* What you need to do *
All of the listing must be given again exactly, except that the images are dropped.

* The data *

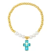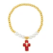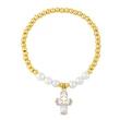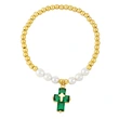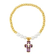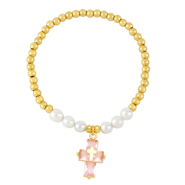 Pulseira feminina com pingente de contas de ouro verdadeiro, cruz de cobre europeia e americana, bracelete elástico geométrico bra12
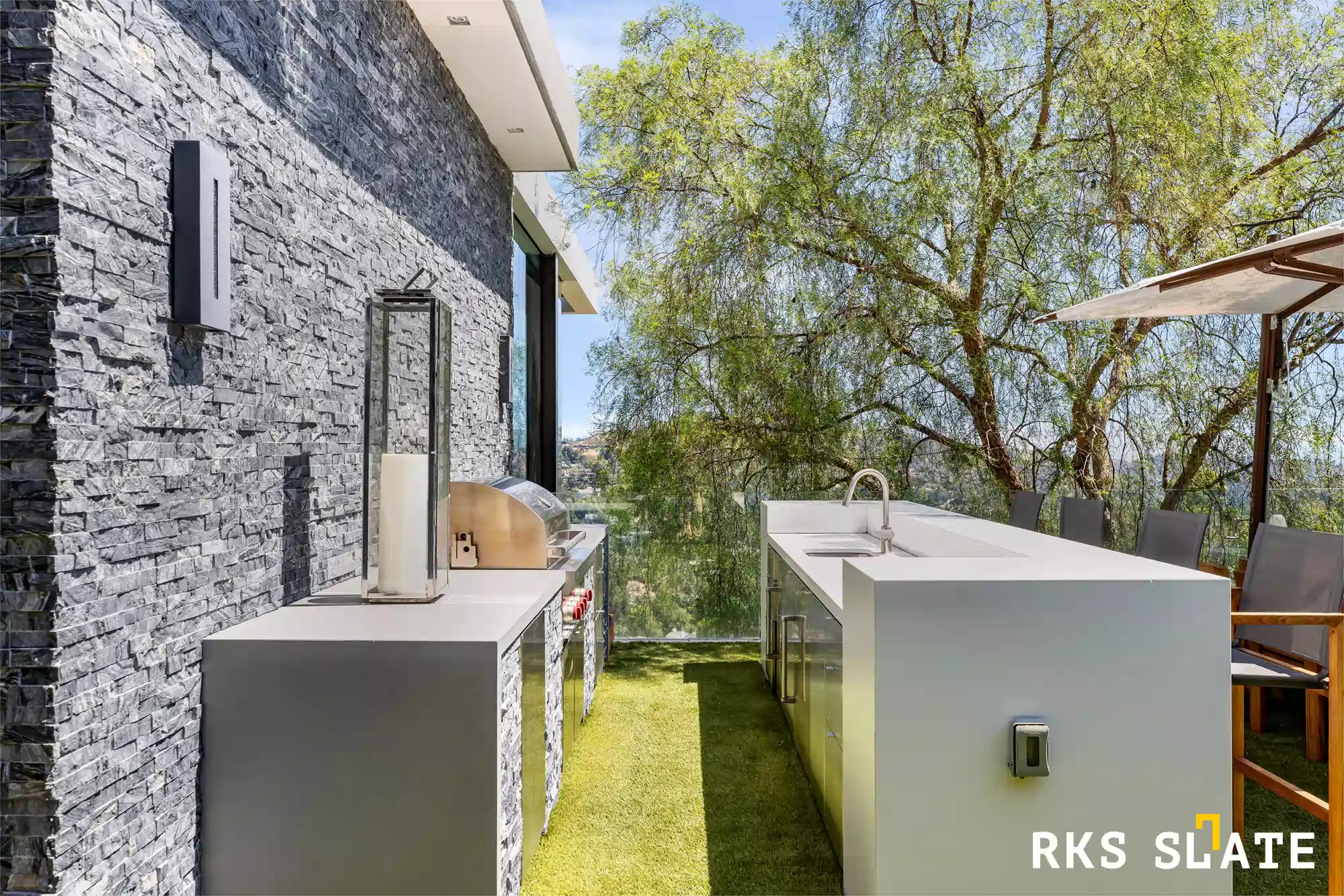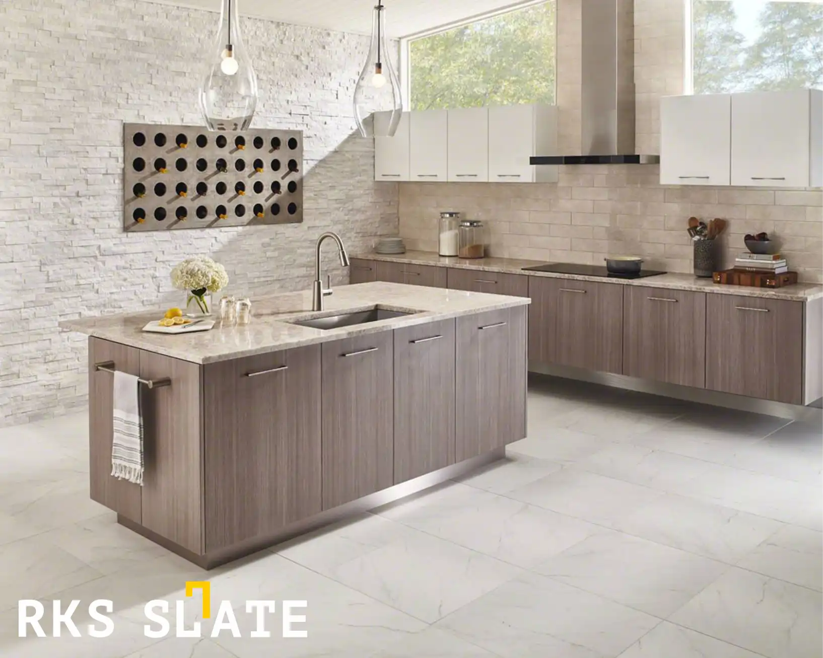- Кухня. Придайте кухне современный или классический стиль, используя декоративный камень для фартуков или других элементов.
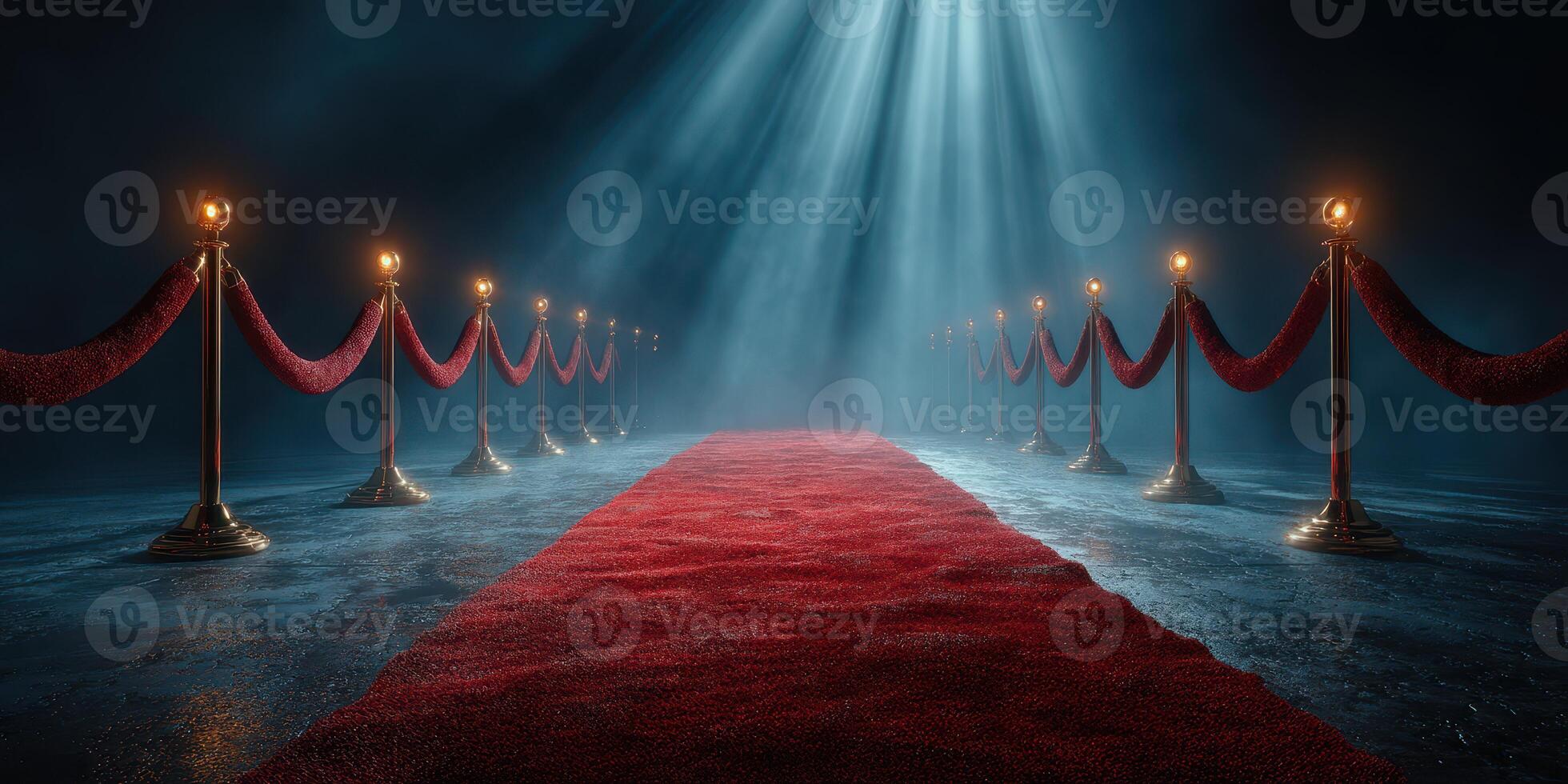 Entrance to a prestigious event illuminated by soft lights and lined with red carpet and velvet ropes Pro Photo
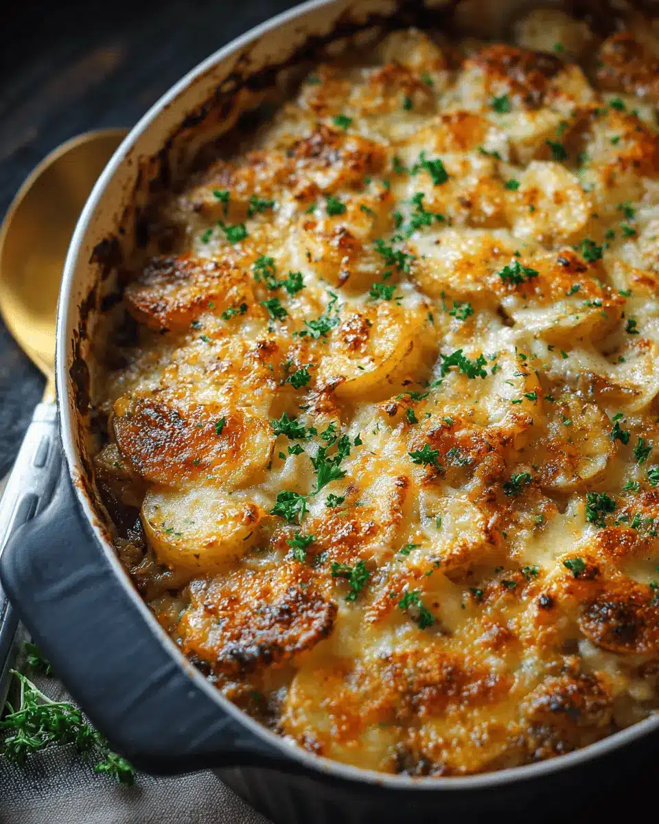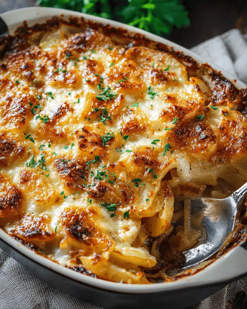 Leftover French Onion Potato Bake can be stored in an airtight container in the refrigerator for up to 3–4 days. Just make sure it cools completely before sealing it. If you want to keep it longer, consider freezing it. Wrap the dish tightly in aluminum foil or transfer it to a freezer-safe container, where it can last for about 2–3 months.

* Answer to the exercise *
 Pulseira feminina com pingente de contas de ouro verdadeiro, cruz de cobre europeia e americana, bracelete elástico geométrico bra12
- Кухня. Придайте кухне современный или классический стиль, используя декоративный камень для фартуков или других элементов.
 Entrance to a prestigious event illuminated by soft lights and lined with red carpet and velvet ropes Pro Photo
 Leftover French Onion Potato Bake can be stored in an airtight container in the refrigerator for up to 3–4 days. Just make sure it cools completely before sealing it. If you want to keep it longer, consider freezing it. Wrap the dish tightly in aluminum foil or transfer it to a freezer-safe container, where it can last for about 2–3 months.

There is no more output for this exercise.